Closes-bug: #1764883
Change-Id: I379678dfdb2609f12a572d4f99c8e9da4deab803
(cherry picked from commit c4988cdabf311d29cf64af732091068cfabeedaa)
---
 nova/compute/manager.py                       | 27 ++++++++++++-----
 .../regressions/test_bug_1764883.py           | 25 +++++++++-------
 nova/tests/unit/compute/test_compute.py       |  5 +++-
 nova/tests/unit/compute/test_compute_mgr.py   | 30 +++++++++++++++++++
 4 files changed, 68 insertions(+), 19 deletions(-)

diff --git a/nova/compute/manager.py b/nova/compute/manager.py
index df4667877f72..a4c375d8a2bd 100644
--- a/nova/compute/manager.py
+++ b/nova/compute/manager.py
@@ -632,10 +632,11 @@ class ComputeManager(manager.Manager):
         While nova-compute was down, the instances running on it could be
         evacuated to another host. This method looks for evacuation migration
         records where this is the source host and which were either started
-        (accepted) or complete (done).

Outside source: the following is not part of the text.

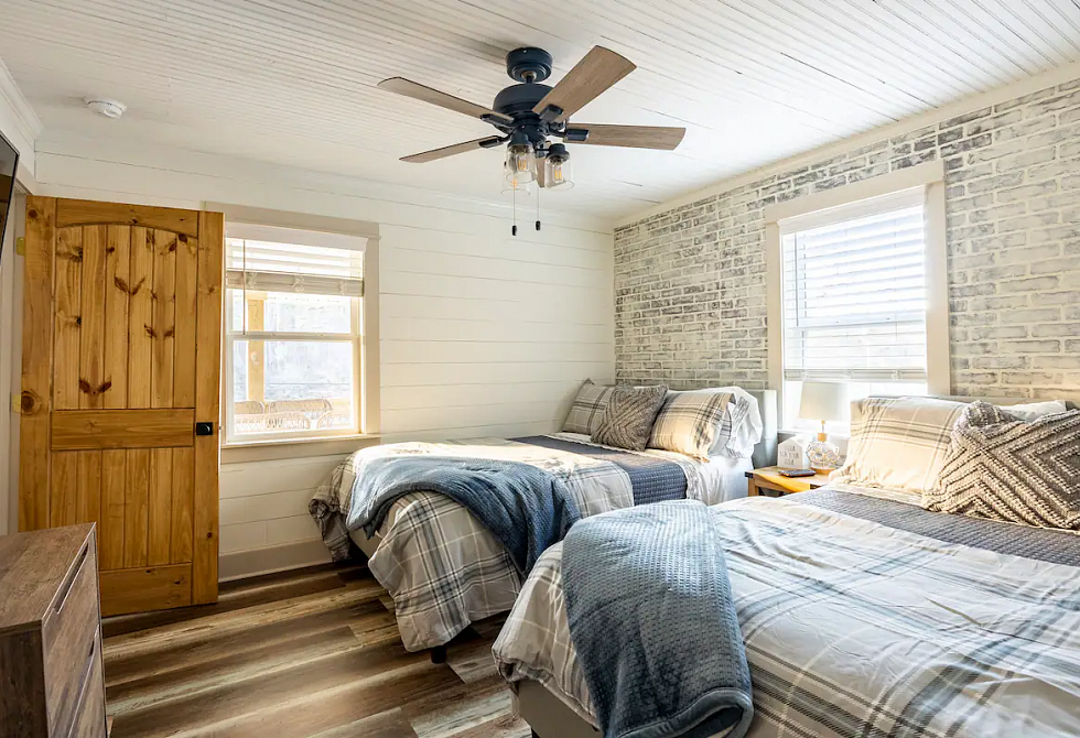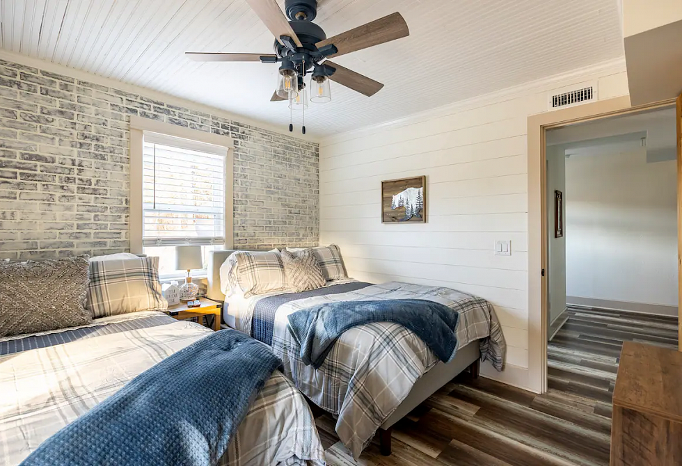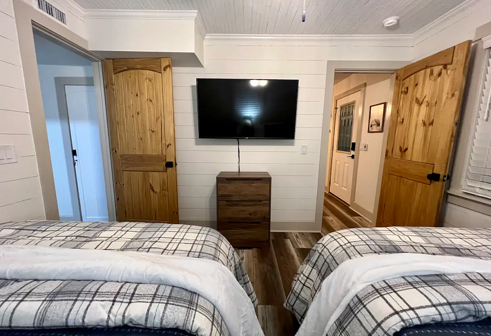 This first floor bedroom is located off the living room with two plush full size beds, large screen TV and is conveniently right next to the newly remodeled downstairs full bathroom.

From those migration records, local
-        instances reported by the hypervisor are compared to the instances
-        for the migration records and those local guests are destroyed, along
-        with instance allocation records in Placement for this node.
+        (accepted), in-progress (pre-migrating) or migrated (done). From those
+        migration records, local instances reported by the hypervisor are
+        compared to the instances for the migration records and those local
+        guests are destroyed, along with instance allocation records in
+        Placement for this node.
         """
         filters = {
             'source_compute': self.host,
@@ -643,7 +644,13 @@ class ComputeManager(manager.Manager):
             # included in case the source node comes back up while instances
             # are being evacuated to another host. We don't want the same
             # instance being reported from multiple hosts.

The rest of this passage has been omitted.